MSA’s FLOPs consist of a cheap index computation $O(H_{kv} d_{\text{idx}} N^2)$ plus a sparse attention term $O(H_q d_h N k B_k)$, contrasting with GQA’s $O(H_q d_h N^2)$ cost.

MSA achieves long‑context scaling by letting a tiny index branch select relevant blocks, letting the main attention operate on a fixed budget.

Sparse Kernel Implementation

Efficient GPU kernels make sparse prefill fast without sacrificing accuracy.

Dense attention spends cycles on tokens that never contribute useful information. In the sparse‑prefill setting the bottleneck becomes the kernel that selects and processes only the relevant key‑value blocks. Our design eliminates the softmax‑exp‑sum overhead and reshapes the computation to keep the GPU fully occupied.

The kernel writes only the $k$ selected KV blocks for each query, bypassing the dense softmax and thus reducing both compute and memory traffic.

How does the Sparse Prefill Kernel differ from a naïve dense attention kernel?

Instead of materialising a full $N\times N$ attention matrix and then discarding most entries, the kernel works on the raw scores, extracts only the $k$ most relevant KV blocks, and writes just those blocks. This avoids the $O(N^2)$ softmax and memory moves that dominate dense attention.

Lane 0 loads scores $\{0.1,\,0.4,\,0.2,\,0.5\}$ and inserts them into its local min‑heap of size 2, keeping $\{0.5,\,0.4\}$.

Lane 1 loads $\{0.3,\,0.6,\,0.0,\,0.2\}$, heap becomes $\{0.6,\,0.5\}$ after insertion.

… after all 32 lanes finish, each holds its top‑2 candidates.

A shuffle‑merge step merges the 64 candidates, discarding all but the global top‑2 values $0.9$ and $0.8$.

The final ordered list $[\,\text{block\_id}=7,\,\text{block\_id}=3\,]$ is written to global memory.

The min‑heap stays in registers for the root element, so only $2$ values per lane ever touch shared memory, dramatically cutting traffic compared to a full sort.

Index & TopK kernel – per‑warp min‑heap and shuffle‑merge.
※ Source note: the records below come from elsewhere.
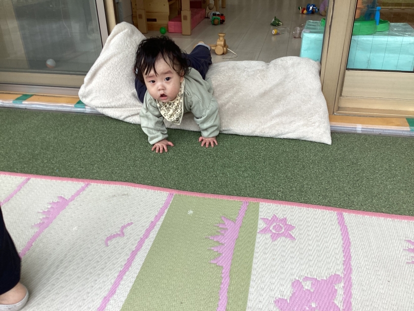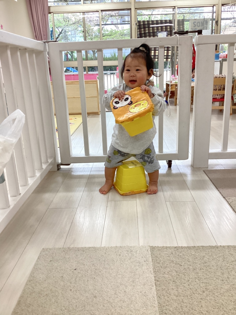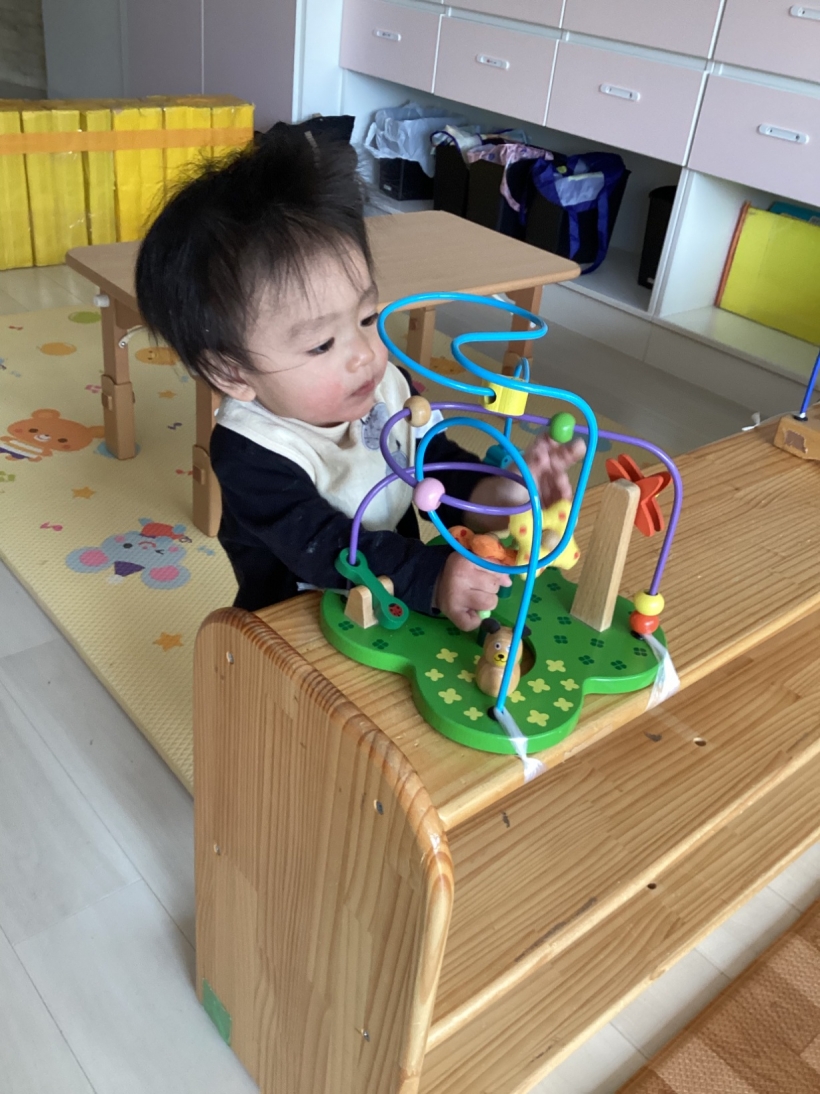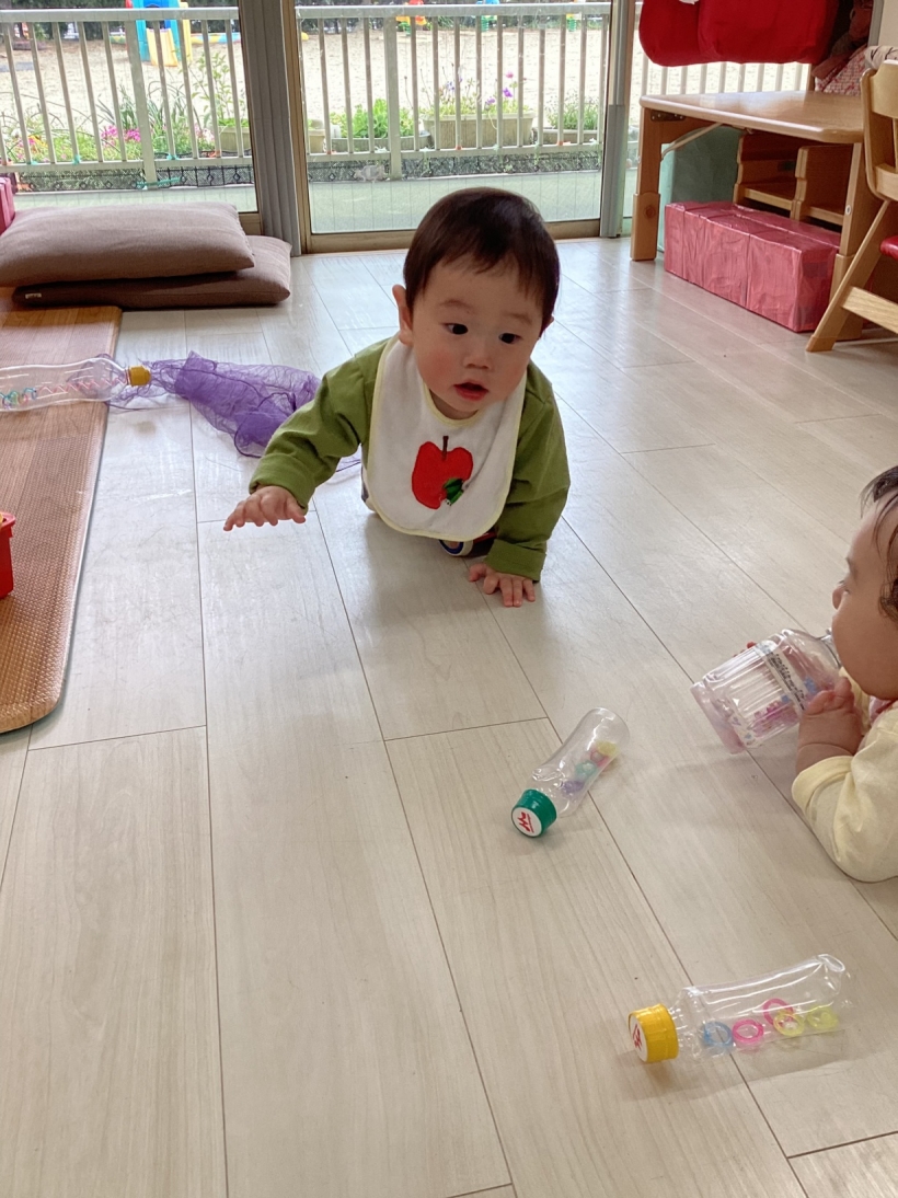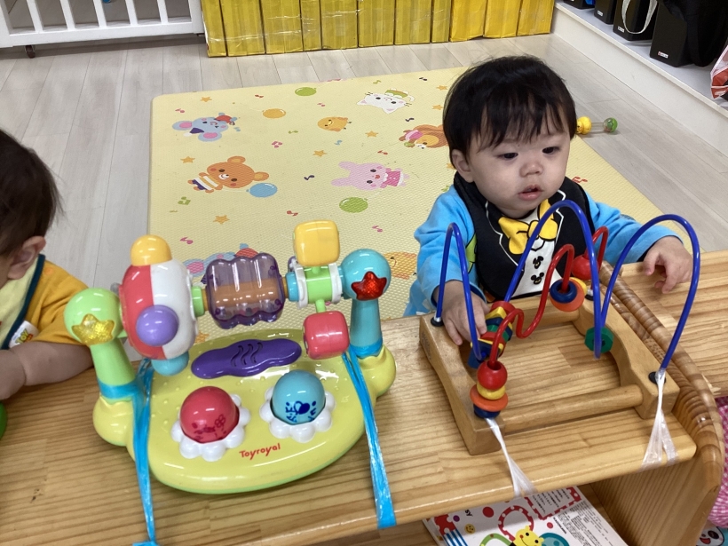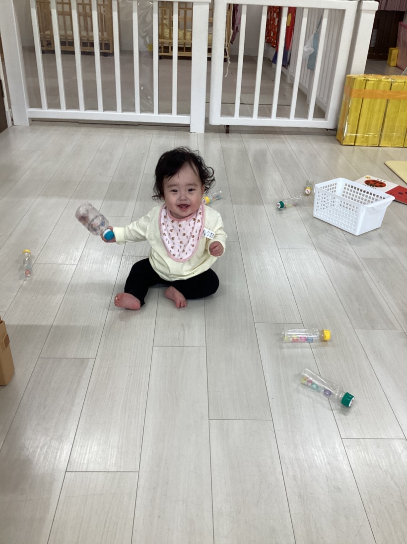 好きなおもちゃをみつけてハイハイで取りに行ったり、音楽にあわせて体を揺らしたり、歩いて部屋の中を探索したり‥
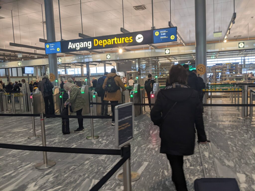 We had already checked-in using the Norwegian app so we didn’t need to stop at the counter. We headed right for the security line. Like the vast majority of Europe, there are automated gates.
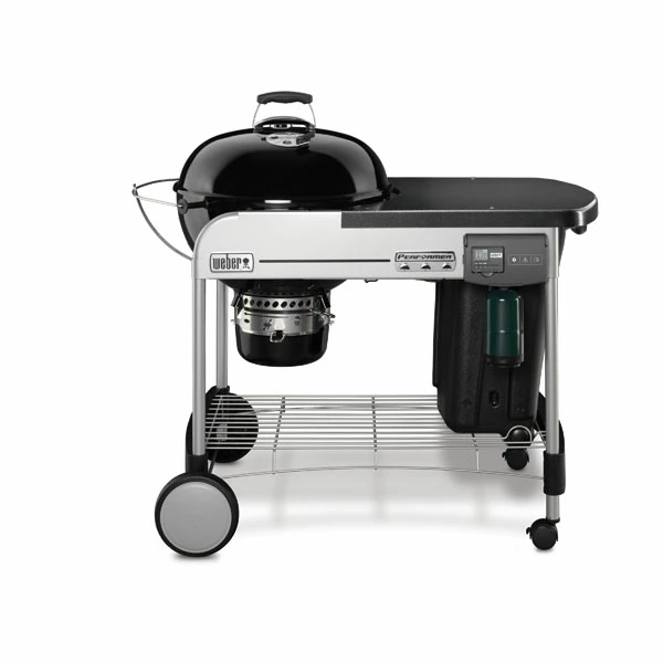 Der Performer Deluxe GBS Holzkohlegrill in Schwarz von Weber stellt Dir alles bereit, was Du als anspruchsvoller Holzkohlegriller benötigst. Die 57er-Kugel ruht in einem stabilen Grillwagen und sorgt so für zusätzliche Arbeitsfläche. Aber nicht nur der Rollwagen gewährleistet mehr Platz und Mobilität, auch der Seitentisch, der abnehmbarer Timer sowie das GBS Grillrost bieten Dir zusätzliche Flexibilität und einen authentischeren Grillgenuss. Aufgrund des elektrischen Gaszündsystems Touch-N-Go und dem im Deckel integrierten Thermometer bist Du in der Lage, die Holzkohle durch Knopfdruck anzuzünden und die Temperatur stets im Blick zu haben. Hinzu kommt, dass der Performer Deluxe GBS dank des One-Touch-Reinigungssystems im Handumdrehen wieder sauber und einsatzbereit ist.

Choosing the outer loop for sparse prefill changes the FLOPs‑to‑IO balance. A query‑outer loop gives a FLOPs/IO ratio of roughly $G$, while a KV‑outer loop yields $(2/3)B_k$, which is orders of magnitude larger for typical $B_k$.

KV‑outer sparse attention kernel – tile‑wise processing with reverse index.

The KV‑outer design forces a two‑phase forward: the first kernel writes per‑query partials to $O_{\text{buf}}$, the second kernel normalizes them using a per‑query log‑sum‑exp reduction and combines the weighted sums. This split avoids atomics and hides the launch latency between kernels.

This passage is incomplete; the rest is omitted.